Problem to work on.
Starting at the line that contains "Scoop Blue Sleeveless", repeat each line exactly through the last line of the listing, and repeat nothing else.

Supplied data.
****************************************

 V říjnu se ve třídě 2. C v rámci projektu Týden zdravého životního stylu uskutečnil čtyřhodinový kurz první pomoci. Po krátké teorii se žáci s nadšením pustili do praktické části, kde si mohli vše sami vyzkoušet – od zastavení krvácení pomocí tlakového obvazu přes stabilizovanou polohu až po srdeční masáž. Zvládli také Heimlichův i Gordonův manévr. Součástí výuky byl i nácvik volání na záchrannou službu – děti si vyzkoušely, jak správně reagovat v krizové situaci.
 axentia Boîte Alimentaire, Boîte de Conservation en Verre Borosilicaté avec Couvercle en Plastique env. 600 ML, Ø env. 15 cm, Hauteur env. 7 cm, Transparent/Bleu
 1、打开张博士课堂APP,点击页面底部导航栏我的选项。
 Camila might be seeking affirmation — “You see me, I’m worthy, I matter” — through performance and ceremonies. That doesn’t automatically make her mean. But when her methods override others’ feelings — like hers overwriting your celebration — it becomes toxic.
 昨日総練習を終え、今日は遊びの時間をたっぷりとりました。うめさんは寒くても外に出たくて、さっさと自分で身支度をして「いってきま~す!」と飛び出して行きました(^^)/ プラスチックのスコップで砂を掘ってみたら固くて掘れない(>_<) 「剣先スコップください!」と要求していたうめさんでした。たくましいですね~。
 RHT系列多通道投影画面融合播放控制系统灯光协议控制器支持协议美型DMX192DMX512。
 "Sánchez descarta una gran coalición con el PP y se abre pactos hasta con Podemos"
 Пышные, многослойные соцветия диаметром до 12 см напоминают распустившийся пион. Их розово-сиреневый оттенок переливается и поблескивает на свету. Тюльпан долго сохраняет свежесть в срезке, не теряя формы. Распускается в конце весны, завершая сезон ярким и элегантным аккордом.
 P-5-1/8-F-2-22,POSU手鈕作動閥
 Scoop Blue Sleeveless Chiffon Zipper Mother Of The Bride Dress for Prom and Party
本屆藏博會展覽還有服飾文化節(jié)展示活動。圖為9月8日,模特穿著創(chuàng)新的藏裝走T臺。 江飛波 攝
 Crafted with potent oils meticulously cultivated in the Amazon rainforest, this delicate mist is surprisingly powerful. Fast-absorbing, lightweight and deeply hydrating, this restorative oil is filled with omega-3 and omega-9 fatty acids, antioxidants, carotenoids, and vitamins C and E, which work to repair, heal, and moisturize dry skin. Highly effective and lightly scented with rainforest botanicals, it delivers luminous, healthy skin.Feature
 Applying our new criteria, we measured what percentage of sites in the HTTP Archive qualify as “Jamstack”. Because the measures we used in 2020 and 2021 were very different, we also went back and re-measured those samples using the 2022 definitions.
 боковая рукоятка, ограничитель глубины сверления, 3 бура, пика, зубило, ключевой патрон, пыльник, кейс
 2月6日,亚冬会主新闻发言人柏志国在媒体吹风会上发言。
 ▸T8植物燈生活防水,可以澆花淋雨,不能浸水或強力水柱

****************************************

Written solution.
 Scoop Blue Sleeveless Chiffon Zipper Mother Of The Bride Dress for Prom and Party
本屆藏博會展覽還有服飾文化節(jié)展示活動。圖為9月8日,模特穿著創(chuàng)新的藏裝走T臺。 江飛波 攝
 Crafted with potent oils meticulously cultivated in the Amazon rainforest, this delicate mist is surprisingly powerful. Fast-absorbing, lightweight and deeply hydrating, this restorative oil is filled with omega-3 and omega-9 fatty acids, antioxidants, carotenoids, and vitamins C and E, which work to repair, heal, and moisturize dry skin. Highly effective and lightly scented with rainforest botanicals, it delivers luminous, healthy skin.Feature
 Applying our new criteria, we measured what percentage of sites in the HTTP Archive qualify as “Jamstack”. Because the measures we used in 2020 and 2021 were very different, we also went back and re-measured those samples using the 2022 definitions.
 боковая рукоятка, ограничитель глубины сверления, 3 бура, пика, зубило, ключевой патрон, пыльник, кейс
 2月6日,亚冬会主新闻发言人柏志国在媒体吹风会上发言。
 ▸T8植物燈生活防水,可以澆花淋雨,不能浸水或強力水柱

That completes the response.